Ambiguous return type:
there is an ambiguity concerning the return value of the
+=
operation: should it be a reference to the
signal itself, to enable sig += slot1 += slot2
,
or should it return a
signals2::connection
for the
newly-created signal/slot connection?
Gateway to operators -=,
+: when one has added a connection operator
+=
, it seems natural to have a disconnection
operator -=
. However, this presents problems when
the library allows arbitrary function objects to implicitly
become slots, because slots are no longer comparable.
The second obvious addition when one has
operator+=
would be to add a +
operator that supports addition of multiple slots, followed by
assignment to a signal. However, this would require
implementing +
such that it can accept any two
function objects, which is technically infeasible.
The Boost.Signals2 library provides 2 mutex classes: boost::signals2::mutex
,
and boost::signals2::dummy_mutex
. The motivation for providing
boost::signals2::mutex
is simply that the boost::mutex
class provided by the Boost.Thread library currently requires linking to libboost_thread.
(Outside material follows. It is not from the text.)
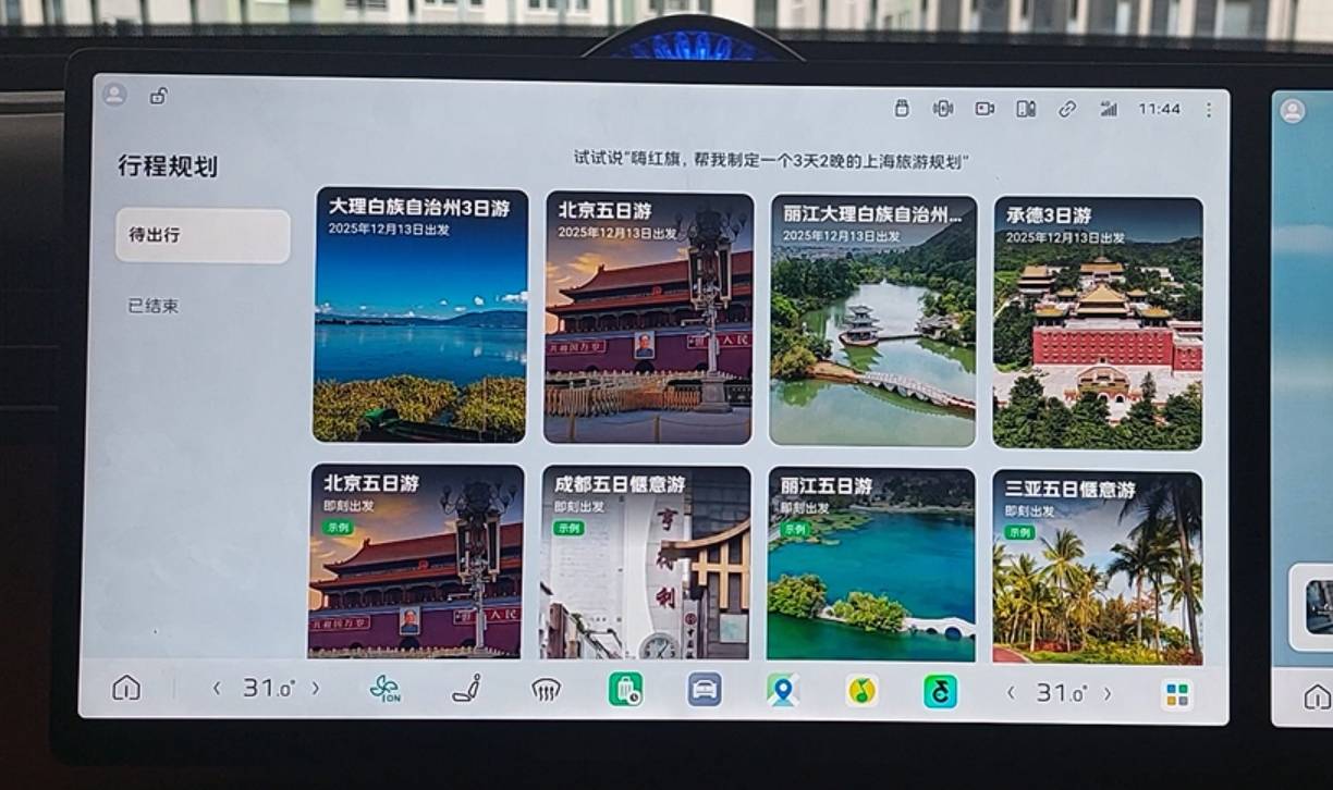 在行程規劃方面,紅旗HS6 PHEV的語音助手能夠實現從生成到落地的完整閉環。用戶可通過語音直接創建行程,系統會自動整合目的地、路線與時間等信息,并支持保存至車機。若需調整,行程中的每個環節都支持手動修改與查看,實現了“一說即建、可調可存”的靈活體驗。這一功能的價值,在于它將以往需要在手機或地圖上多次操作的規劃過程,簡化為一兩句對話,讓說走就走的旅程變得簡單又方便。
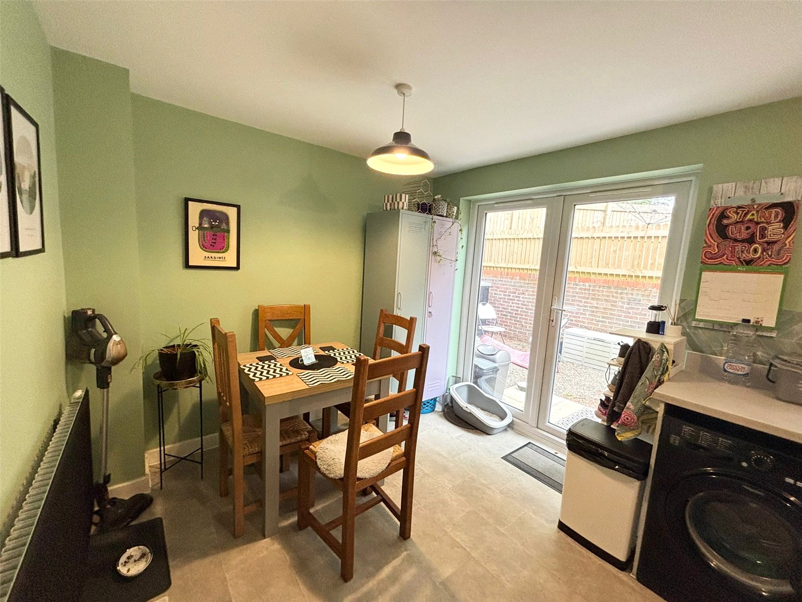 Stylishly presented with modern décor, the hallway features a fitted carpet, radiator, and ceiling light fitting. A useful understairs storage cupboard adds practical storage, while a double-glazed window to the front floods the space with natural light. The hallway flows seamlessly through to the kitchen/diner, creating a welcoming and open feel.

The boost::signals2::mutex
class allows Signals2 to remain
a header-only library. You may still choose to use boost::mutex
if you wish, by specifying it as the Mutex
template type for your signals.
The boost::signals2::dummy_mutex
class is provided to allow
performance sensitive single-threaded applications to minimize overhead by avoiding unneeded
mutex locking.
libsigc++ is a C++ signals & slots library that originally started as part of an initiative to wrap the C interfaces to GTK libraries in C++, and has grown to be a separate library maintained by Karl Nelson. There are many similarities between libsigc++ and Boost.Signals2, and indeed the original Boost.Signals was strongly influenced by Karl Nelson and libsigc++. A cursory inspection of each library will find a similar syntax for the construction of signals and in the use of connections. There are some major differences in design that separate these libraries:
Slot definitions: slots in libsigc++ are created using a set of primitives defined by the library. These primitives allow binding of objects (as part of the library), explicit adaptation from the argument and return types of the signal to the argument and return types of the slot (libsigc++ is, by default, more strict about types than Boost.Signals2).
Combiner/Marshaller interface: the equivalent to Boost.Signals2 combiners in libsigc++ are the marshallers. Marshallers are similar to the "push" interface described in Combiner Interface, and a proper treatment of the topic is given there.
Microsoft has introduced the .NET Framework and an associated set of languages and language extensions, one of which is the delegate. Delegates are similar to signals and slots, but they are more limited than most C++ signals and slots implementations in that they:
Require exact type matches between a delegate and what it is calling.
Only return the result of the last target called, with no option for customization.
Must call a method with this
already
bound.